A comissão especial da Câmara dos Deputados pode votar, nesta quarta-feira (27), o parecer da Proposta de Emenda à Constituição que prevê o fim da escala 6×1. A reunião está marcada para as 10h30 (Brasília UTC-3), no plenário 2 da Câmara.
O relatório é do deputado Leo Prates (PDT-BA) e propõe uma redução gradual da jornada de trabalho até o limite de 40 horas semanais, sem prejuízo salarial, além de garantir dois dias de descanso por semana.
O texto foi apresentado pelo relator na segunda-feira (25), mas a análise chegou a ser adiada após um pedido de vista coletivo. Se a comissão aprovar o parecer, a proposta seguirá para votação no Plenário da Câmara e, em seguida, para avaliação no Senado Federal.
Transição prevista
O parecer estabelece um cronograma em duas etapas para que a nova jornada passe a valer após eventual promulgação da emenda constitucional. Na primeira fase, 60 dias após a promulgação, o limite semanal cai para 42 horas e passa a ser exigido que os trabalhadores tenham dois dias de descanso por semana, sendo um deles preferencialmente aos domingos.
Na segunda etapa, 12 meses após o início da primeira fase, a carga horária seria reduzida para 40 horas semanais, mantendo o salário atual dos empregados.
O relatório unifica pontos de duas propostas que tiveram repercussão nacional: a PEC 221/19, do deputado Reginaldo Lopes, e a PEC 8/25, da deputada Erika Hilton, que defendia a escala 4×3.
Exceções, normas e prazos
Atividades contínuas ou que exigem escalas específicas — como saúde, segurança, transporte e limpeza urbana — permanecerão regidas por acordos e convenções coletivas. O parecer determina que esses instrumentos assegurem, em média, dois dias de repouso remunerado por semana ao longo do mês, com ao menos uma folga dentro de um intervalo máximo de sete dias.
A regulamentação detalhada para cada categoria deverá ser discutida em projetos de lei que podem tramitar no Congresso no segundo semestre.
O texto também prevê dispositivos específicos para micro e pequenas empresas, permitindo que uma lei complementar fixe prazos e regras de adaptação condicionadas à preservação de empregos.

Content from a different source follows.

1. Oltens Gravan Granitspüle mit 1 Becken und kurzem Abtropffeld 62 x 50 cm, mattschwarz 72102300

Profissionais com diploma de nível superior e remuneração superior a duas vezes e meia o teto do INSS — atualmente em R$ 21.188,87 — poderão negociar jornadas mais flexíveis, com base em metas e projetos, desde que preservem o direito a dois dias de descanso semanal. A medida não alcança servidores públicos.

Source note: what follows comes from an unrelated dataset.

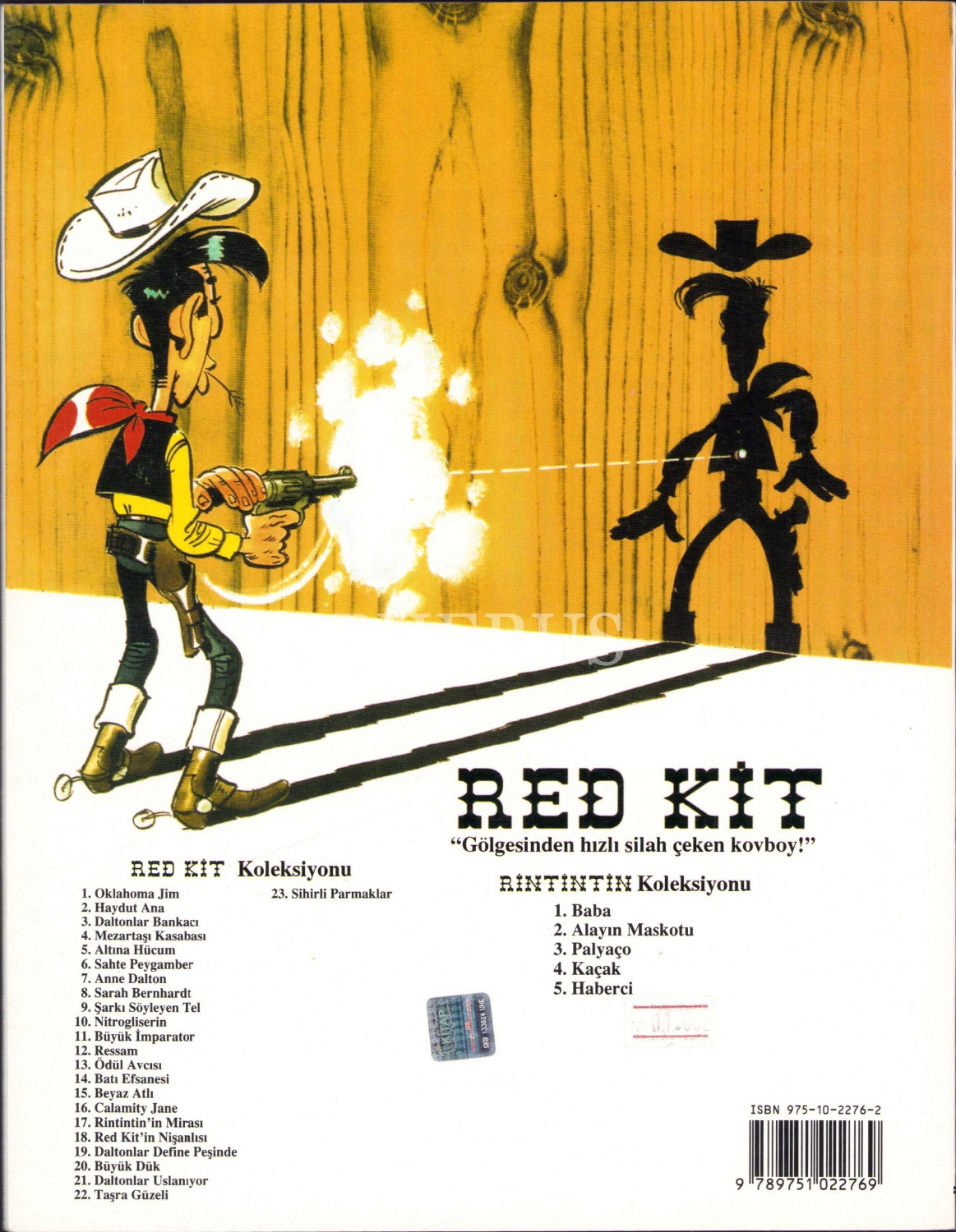 Red Kit - Sihirli Parmaklar, No. 23, Lucky Luke, çev. Eray Canberk, hikaye: La Hartog Van Banda, çizim: Morris, İnkılap Yayınları, 2005, 47 sayfa, 22x28 cm

Impacto em contratos públicos e terceirizados
Contratos públicos e concessões que utilizam mão de obra terceirizada poderão demandar reequilíbrio financeiro em razão da redução da jornada. A mudança para trabalhadores terceirizados só terá efeito após assinatura de aditivos contratuais.
Os órgãos públicos terão prazo de até 12 meses para adequar contratos e rotinas; se não cumprirem esse prazo, a redução da carga horária passará a valer automaticamente, sem alteração salarial para os trabalhadores.